Spinoza panteist mi?

Felsefe tarihinin belki de en çok tartışılan ve kim nereye çekmek isterse istesin sırıtmayan filozofu olan Spinoza'ya net olarak panteistdir demek oldukça hatalı bir söylem olur.
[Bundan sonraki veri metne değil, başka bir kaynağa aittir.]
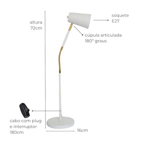 Um toque de elegância para o seu ambiente. A Luminária de Mesa Amélia é a peça que faltava para completar a decoração do seu espaço. Com um design industrial sofisticado e linhas clean, ela combina perfeitamente com diversos estilos. Sua estrutura em metal, com acabamento em pintura eletrostática, garante durabilidade e resistência. Características que fazem a diferença: Flexibilidade: O braço articulado permite ajustar a direção da luz de acordo com sua necessidade, seja para iluminar sua área de trabalho ou criar um ambiente mais aconchegante para leitura.Estilo: O design industrial da Amélia traz um toque moderno e elegante para qualquer ambiente, desde escritórios até quartos.Versatilidade: Seu soquete E27 permite a utilização de diversas opções de lâmpadas, como as LED, proporcionando uma iluminação eficiente e econômica.Facilidade de uso: O cabo com interruptor facilita o acendimento e o apagamento da luminária. Ideal para: Escritórios: Ilumine seu espaço de trabalho com estilo e praticidade.Quartos: Crie um ambiente aconchegante para leitura ou estudo.Salas de estar: Adicione um toque de sofisticação à sua decoração. Em resumo, a Luminária de Mesa Amélia é a escolha perfeita para quem busca: Um design moderno.Iluminação direcionada e eficiente.Durabilidade e resistência.Um toque de sofisticação para o seu ambiente.
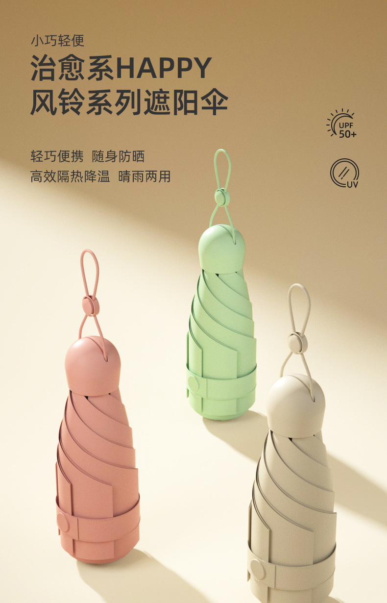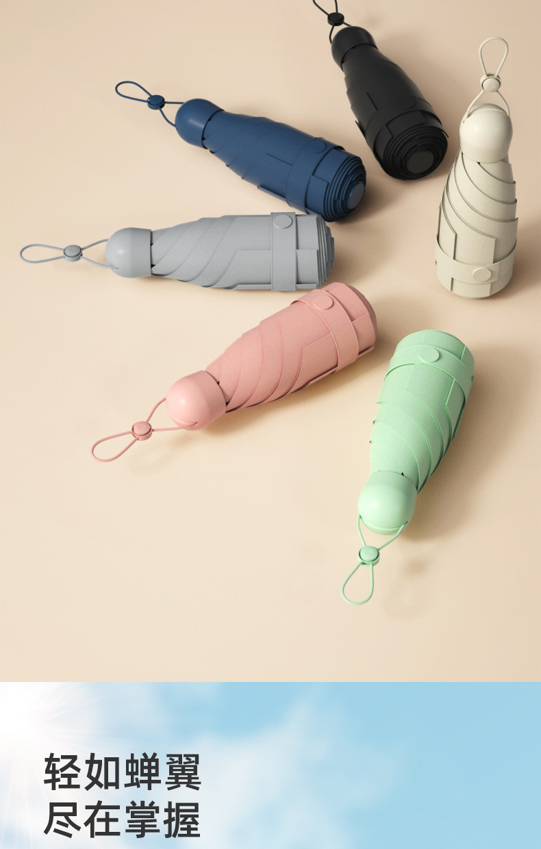 Baodini 초경량 태양 우산 자외선 차단제 자외선 차단 여성용 소형 휴대용 이중 목적 접이식 5 배 캡슐 우산스토어 가기

Tanrı kavramı Spinoza felsefesi açıklanırken zorlanılan bir kavramdır. Çünkü Spinoza'da tanrı
diğer felsefelerin aksine biraz farklıdır. Diego Tatian, bu tanrıyı "Tanrı Olmayan Bir Tanrı"
olarak tanımlamaktadır. Aynen şu şekilde de ekleme yapmaktadır: "Spinoza'nın Tanrı'sı ne
Zekadır; ne de Sevgidir; ne Her Şeye Kadiriyettir, ne de Her Şeyi Bilmektir; O, ne iktidar
sahibi yargıç bir Tanrı'dan, ne de vereceği cezadan korkulan ya da kendisinden ödül beklenen
bir potestas'tan ibarettir; özetle, O, tarih boyunca vahyedilen ve insanlara ahlak vahyeden,
vahyedilmiş bir Tanrı değildir. Vahyin Tanrı'sı, Etika'nın düşündüğü şeyin karşısında yer
alır."

Ulus Baker ise Spinoza'nın tanrısı için sonsuzca der. Sonsuzca kavramı sonsuzluk ile karıştırılmasın. Sonsuzcalık "sınırı aşabilme faaliyeti"ne denk gelmektedir bu bağlamda.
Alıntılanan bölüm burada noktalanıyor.